Зато потом об этом узнала вся школа. Лающие отрывистые смешки напоминают ей о том дне.
Бен Уильямс, тем временем преодолев коридор, подбирается к Адрии ближе с очевидным вопросом.
– Ты серьезно убегаешь? – хмурится он, и его дурацкая челка нервно подрагивает в такт словам.

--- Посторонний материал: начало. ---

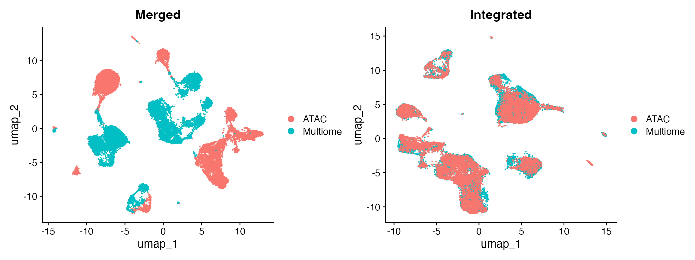 integrate_atac.RmdHere we demonstrate the integration of multiple single-cell chromatin datasets derived from human PBMCs. One dataset was generated using the 10x Genomics multiome technology, and includes DNA accessibility and gene expression information for each cell. The other dataset was profiled using 10x Genomics scATAC-seq, and includes DNA accessibility data only.

– Потом, – только и бурчит Роудс и возвращает взгляд обратно к приятелям Лайла, не желая даже смотреть на Бена, чтобы не напоминать себе, какими глупыми обещаниями она раскидывается. Но внезапная хлесткая мысль оглушает ее, вспышкой затмевая все остальное. Затихает ненавистное гудение в висках. Остается только мысль. Скользкая. Абсурдная. Превосходная.
Адрия Роудс не сдавалась.
Да, оступилась, рухнула однажды, промолчала в следующий раз, проглотив упрек, но у нее еще есть шанс отыграться. Доказать, что она не обязана идти по стопам матери и что это она решает, какую роль сыграть и сколько бензина понадобится, чтобы запалить чужое самомнение синим пламенем. И какова чертова цена будет у каждого галлона. Бен со своей дурацкой просьбой, которую Адрия не собирается выполнять, неосознанно подкинул ей прекрасную идею.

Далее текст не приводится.